Record excerpts >>
————
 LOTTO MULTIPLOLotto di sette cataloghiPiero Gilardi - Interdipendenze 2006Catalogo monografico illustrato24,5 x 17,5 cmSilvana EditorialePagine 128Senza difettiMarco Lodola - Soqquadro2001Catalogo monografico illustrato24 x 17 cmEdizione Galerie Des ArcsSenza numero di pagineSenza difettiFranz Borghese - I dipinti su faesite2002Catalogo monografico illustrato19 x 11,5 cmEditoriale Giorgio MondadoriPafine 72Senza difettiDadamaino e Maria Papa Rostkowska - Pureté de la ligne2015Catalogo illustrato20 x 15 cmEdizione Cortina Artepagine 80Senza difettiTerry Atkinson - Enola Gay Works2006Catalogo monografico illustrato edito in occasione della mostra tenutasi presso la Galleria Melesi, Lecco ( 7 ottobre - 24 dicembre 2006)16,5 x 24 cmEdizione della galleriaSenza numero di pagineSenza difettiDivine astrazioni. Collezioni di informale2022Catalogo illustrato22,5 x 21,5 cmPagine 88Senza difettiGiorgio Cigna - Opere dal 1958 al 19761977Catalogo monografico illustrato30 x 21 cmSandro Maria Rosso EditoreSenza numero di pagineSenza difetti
————
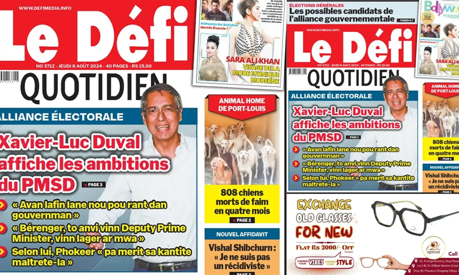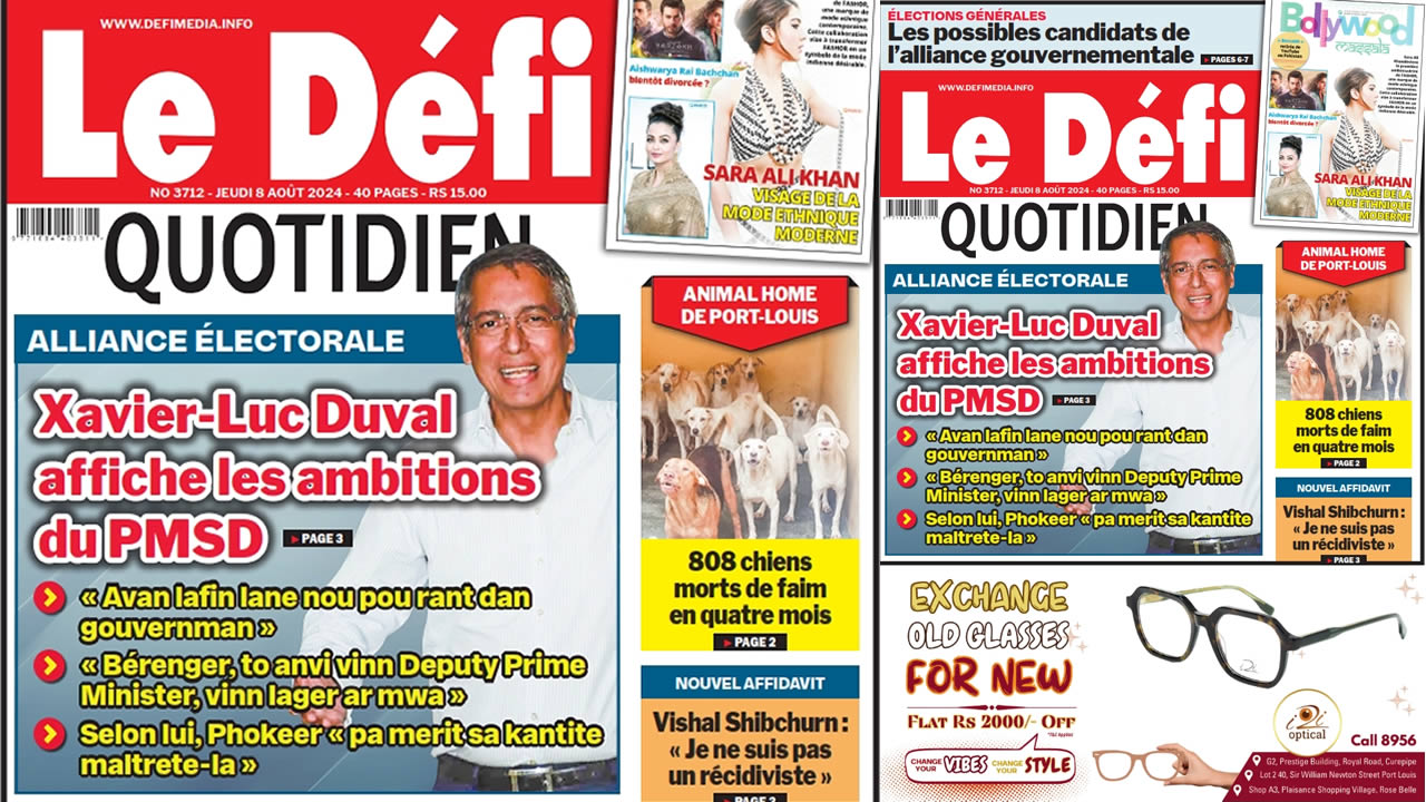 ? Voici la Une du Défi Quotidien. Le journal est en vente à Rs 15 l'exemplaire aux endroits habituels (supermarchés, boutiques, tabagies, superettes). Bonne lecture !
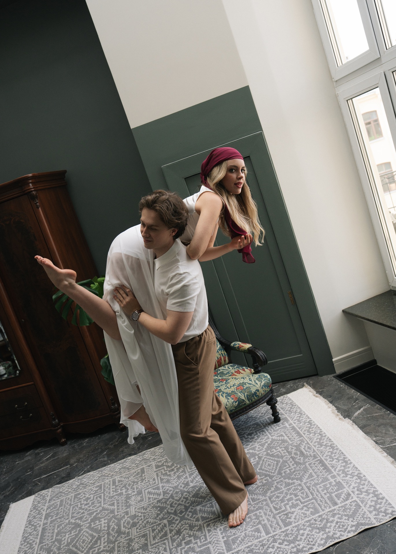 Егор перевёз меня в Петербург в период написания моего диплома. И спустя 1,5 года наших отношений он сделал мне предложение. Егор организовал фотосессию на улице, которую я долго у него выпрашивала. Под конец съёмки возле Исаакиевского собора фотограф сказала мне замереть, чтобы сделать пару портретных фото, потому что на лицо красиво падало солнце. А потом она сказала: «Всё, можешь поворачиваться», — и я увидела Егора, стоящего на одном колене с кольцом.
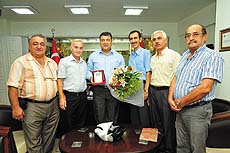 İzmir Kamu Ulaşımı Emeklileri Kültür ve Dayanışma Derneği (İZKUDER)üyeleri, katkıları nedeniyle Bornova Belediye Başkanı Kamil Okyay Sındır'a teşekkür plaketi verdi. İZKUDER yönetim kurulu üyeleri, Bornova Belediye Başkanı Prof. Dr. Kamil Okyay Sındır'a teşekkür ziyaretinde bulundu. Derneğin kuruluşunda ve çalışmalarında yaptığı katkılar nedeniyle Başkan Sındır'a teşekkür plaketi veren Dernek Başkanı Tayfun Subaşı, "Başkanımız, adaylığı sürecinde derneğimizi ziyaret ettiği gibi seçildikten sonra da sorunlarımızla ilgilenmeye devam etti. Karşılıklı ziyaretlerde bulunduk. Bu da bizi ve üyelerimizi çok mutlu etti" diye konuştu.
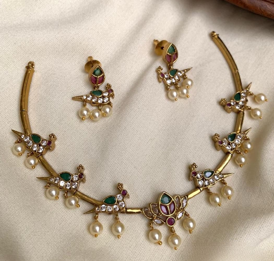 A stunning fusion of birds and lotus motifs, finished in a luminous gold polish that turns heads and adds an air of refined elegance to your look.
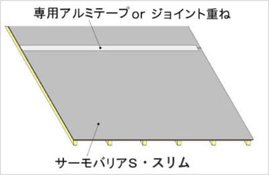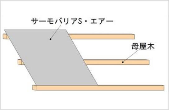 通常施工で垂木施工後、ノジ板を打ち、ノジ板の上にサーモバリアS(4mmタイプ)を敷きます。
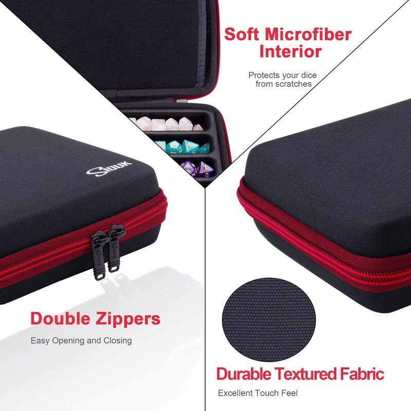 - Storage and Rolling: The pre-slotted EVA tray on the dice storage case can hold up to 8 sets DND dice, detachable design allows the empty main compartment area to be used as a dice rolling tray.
————
To do >>
Using the material above, transcribe exactly the lines from the one holding "A stunning fusion" to the one holding "- Storage and", both ends kept. Do not carry over any pictures.

Result for this exercise >>
 A stunning fusion of birds and lotus motifs, finished in a luminous gold polish that turns heads and adds an air of refined elegance to your look.
 通常施工で垂木施工後、ノジ板を打ち、ノジ板の上にサーモバリアS(4mmタイプ)を敷きます。
 - Storage and Rolling: The pre-slotted EVA tray on the dice storage case can hold up to 8 sets DND dice, detachable design allows the empty main compartment area to be used as a dice rolling tray.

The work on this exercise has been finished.